Mummification is generally considered to be the artificial process by which the bodies of (usually notable) persons, as well as those of sacred animals, are intentionally preserved after death by treating them with various substances such as spices, gums, bitumen or natron. The practice seems to have been attempted by various peoples at various times throughout the world, but most were little more than crude attempts at an art that attained its greatest sophistication under the ancient Egyptians.

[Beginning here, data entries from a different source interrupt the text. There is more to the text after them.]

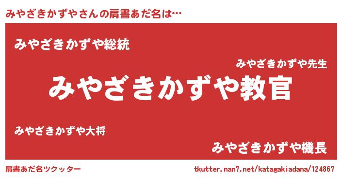 | 男性向けラノベタイトル風あだ名 | 『魔弾の王とみやざきかずや』 |
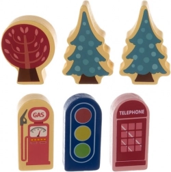Zum Set gehören auch Zubehör wie Holzfiguren, Fahrzeuge und Dekorationselemente wie Bäume und Straßenelemente. Das sehr detaillierte Design verleiht dem Spiel ein realistisches Gefühl und unterhält Kinder aller Altersgruppen ausgezeichnet.
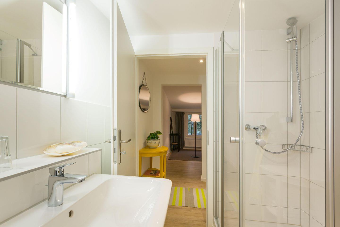 Das separate Bad umfasst Dusche, WC, Waschbecken und Ablagemöglichkeiten. Im Schlafzimmer gibt es einen Kleiderschrank und ein großzügiges Doppelbett (180x200).
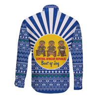 Central African Republic Christmas Long Sleeve Button Shirt with Drumming Kids Beat of Joy Tribal Pattern and Snowflakes
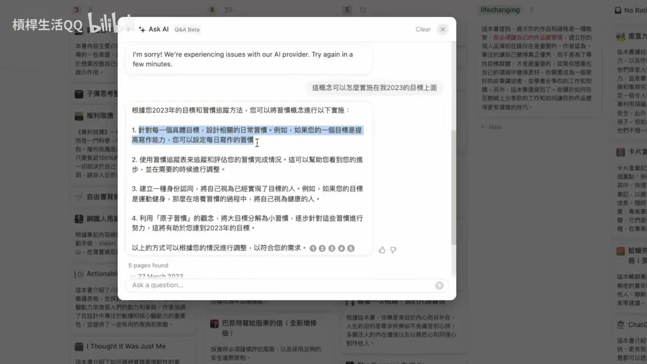 notion ai呢快速的总结说你想要知道的重点跟每一本书的内容的状态。那最后一点想跟大家分享的就是我发现这个notion q n a它还有一个地方是它可以去达到你可能平常不会去想到的一个笔记上面的链接。举例来说好了,我现在去查这个关于习惯嘛,那习惯我就想说呃这个习惯的这个概念。可以怎么样?去利用到我这个二零二三年的这个目标。那我可以问notion,那我可以看到他会怎么样的回答。

Not only did the ancient Egyptians achieve outstanding success in their preservation of the dead and their raising of the art of mummification to a state of virtual perfection, but they also seem to have developed it into an industry practised continuously for almost 4,000 years. Yet, like those other gigantic monuments to Egyptian civilization, the Pyramids, mummification is still one of Egypt’s many mysteries. No one today is certain whenhow, and apart from its later religious significance, even why the practice originated. None of the ancient Egyptians’ records that have so far been discovered has been of much assistance in answering these questions. Even the earliest of these implies that the practice was already well established, if not perfected.

Early Egyptian Mummies

At least in part, the explanation as to the origins of mummification may lie in the climatic conditions of the country itself.  The combination of Egypt’s dry climate and the hot desert sands in which the earliest Predynastic dead were buried is believed to have caused the bodies to dry out and mummify naturally.  The graves of this early period were mostly shallow and the bodies were covered simply with an animal skin or woven mat.  As their moisture content (about three-quarters of a human body) was absorbed by the surrounding dry sand, bacteria could not breed and cause decay, and so the bodies were preserved.  Modern scholars and archaeologists who have uncovered such early burials have found almost perfectly preserved, skin-covered skeletons, often with some of the hair remaining upon their heads.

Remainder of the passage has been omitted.